3.4 监控汇总表

由于 TiDB 集群的监控指标数量较大,需要提供便捷的方式从众多监控中找出异常的监控项,TiDB 4.0 提供了监控汇总表,监控汇总表 information_schema.metrics_summaryinformation_schema.metrics_summary_by_label 用于汇总所有监控数据,来提升用户对各个监控指标进行排查的效率。两者不同在于 information_schema.metrics_summary_by_label 会对不同的 label 使用区分统计。

1. 查询示例

以查询 ['2020-03-08 13:23:00', '2020-03-08 13:33:00') 时间范围内 TiDB 集群中平均耗时最高的 3 组监控项为例。通过直接查询 information_schema.metrics_summary 表,并通过 /*+ time_range() */ 这个 hint 来指定时间范围来构造以下 SQL:

  1. mysql> select /*+ time_range('2020-03-08 13:23:00','2020-03-08 13:33:00') */ *
  2. from information_schema.`METRICS_SUMMARY`
  3. where metrics_name like 'tidb%duration'
  4. and avg_value > 0
  5. and quantile = 0.99
  6. order by avg_value desc
  7. limit 3\G
  8. ***************************[ 1. row ]***************************
  9. METRICS_NAME | tidb_get_token_duration
  10. QUANTILE | 0.99
  11. SUM_VALUE | 8.972509
  12. AVG_VALUE | 0.996945
  13. MIN_VALUE | 0.996515
  14. MAX_VALUE | 0.997458
  15. COMMENT | The quantile of Duration (us) for getting token, it should be small until concurrency limit is reached(second)
  16. ***************************[ 2. row ]***************************
  17. METRICS_NAME | tidb_query_duration
  18. QUANTILE | 0.99
  19. SUM_VALUE | 0.269079
  20. AVG_VALUE | 0.007272
  21. MIN_VALUE | 0.000667
  22. MAX_VALUE | 0.01554
  23. COMMENT | The quantile of TiDB query durations(second)
  24. ***************************[ 3. row ]***************************
  25. METRICS_NAME | tidb_kv_request_duration
  26. QUANTILE | 0.99
  27. SUM_VALUE | 0.170232
  28. AVG_VALUE | 0.004601
  29. MIN_VALUE | 0.000975
  30. MAX_VALUE | 0.013
  31. COMMENT | The quantile of kv requests durations by store

注意:其中 tidb_get_token_durationCOMMENT 列中注释了值的单位是微秒(us)

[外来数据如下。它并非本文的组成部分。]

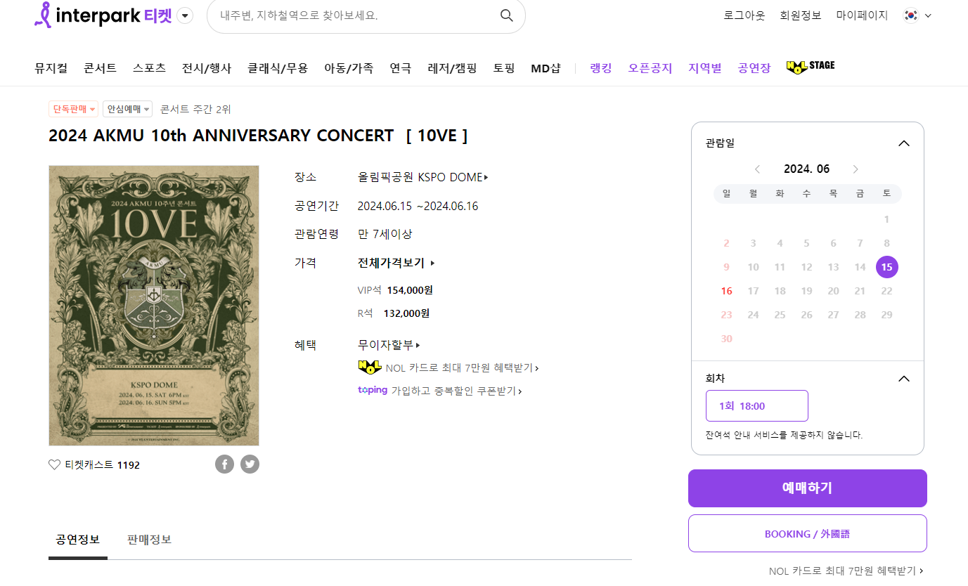 를 올림픽체조경기장 올림픽공원 KSPO DOME( 에서 6월 15에 하는데 벌써 부터 예매가 열렸다. 지난 주에 부랴부랴 접속을 해서 티켓을 사는데 성공했다. (사실 2장을 샀는데 하나는 포기 - 환불했다).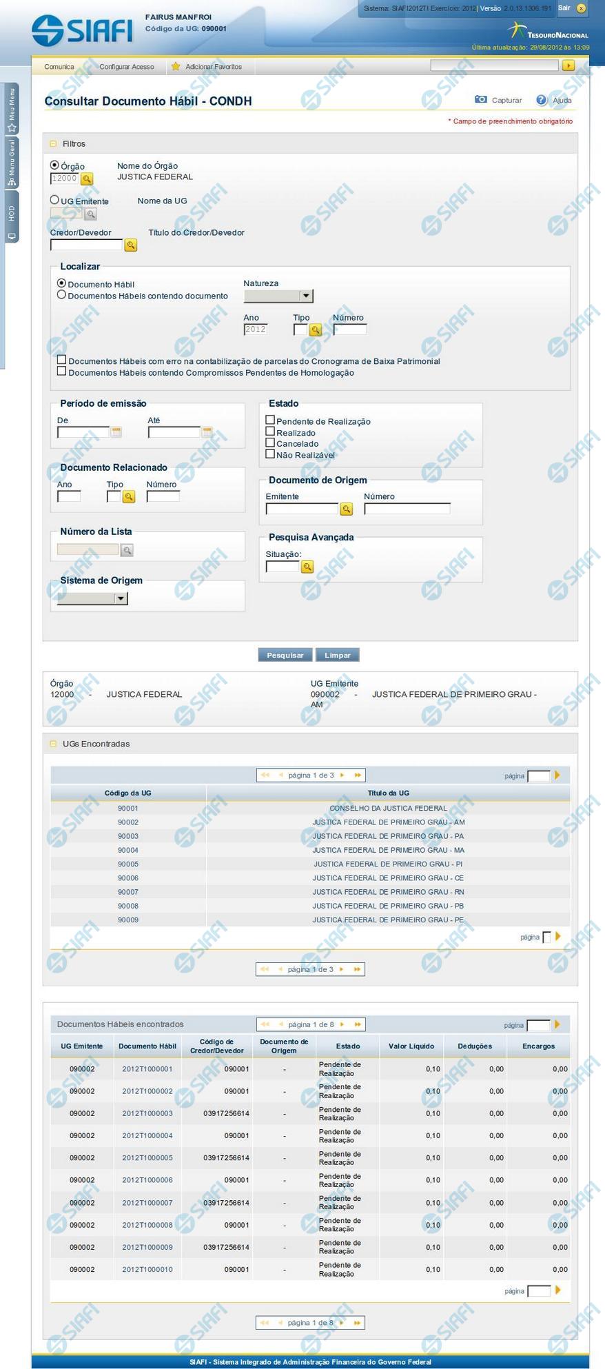 Cada item da lista é um link que, quando clicado, exibe uma lista com todos os Documentos Hábeis emitidos pela UG sobre a qual você clicou.

类似的,查询 metrics_summary_by_label 监控汇总表结果如下:

  1. mysql> select /*+ time_range('2020-03-08 13:23:00','2020-03-08 13:33:00') */ *
  2. from information_schema.`METRICS_SUMMARY_BY_LABEL`
  3. where metrics_name like 'tidb%duration'
  4. and avg_value > 0
  5. and quantile = 0.99
  6. order by avg_value desc
  7. limit 10\G
  8. ***************************[ 1. row ]***************************
  9. INSTANCE | 172.16.5.40:10089
  10. METRICS_NAME | tidb_get_token_duration
  11. LABEL |
  12. QUANTILE | 0.99
  13. SUM_VALUE | 8.972509
  14. AVG_VALUE | 0.996945
  15. MIN_VALUE | 0.996515
  16. MAX_VALUE | 0.997458
  17. COMMENT | The quantile of Duration (us) for getting token, it should be small until concurrency limit is reached(second)
  18. ***************************[ 2. row ]***************************
  19. INSTANCE | 172.16.5.40:10089
  20. METRICS_NAME | tidb_query_duration
  21. LABEL | Select
  22. QUANTILE | 0.99
  23. SUM_VALUE | 0.072083
  24. AVG_VALUE | 0.008009
  25. MIN_VALUE | 0.007905
  26. MAX_VALUE | 0.008241
  27. COMMENT | The quantile of TiDB query durations(second)
  28. ***************************[ 3. row ]***************************
  29. INSTANCE | 172.16.5.40:10089
  30. METRICS_NAME | tidb_query_duration
  31. LABEL | Rollback
  32. QUANTILE | 0.99
  33. SUM_VALUE | 0.072083
  34. AVG_VALUE | 0.008009
  35. MIN_VALUE | 0.007905
  36. MAX_VALUE | 0.008241
  37. COMMENT | The quantile of TiDB query durations(second)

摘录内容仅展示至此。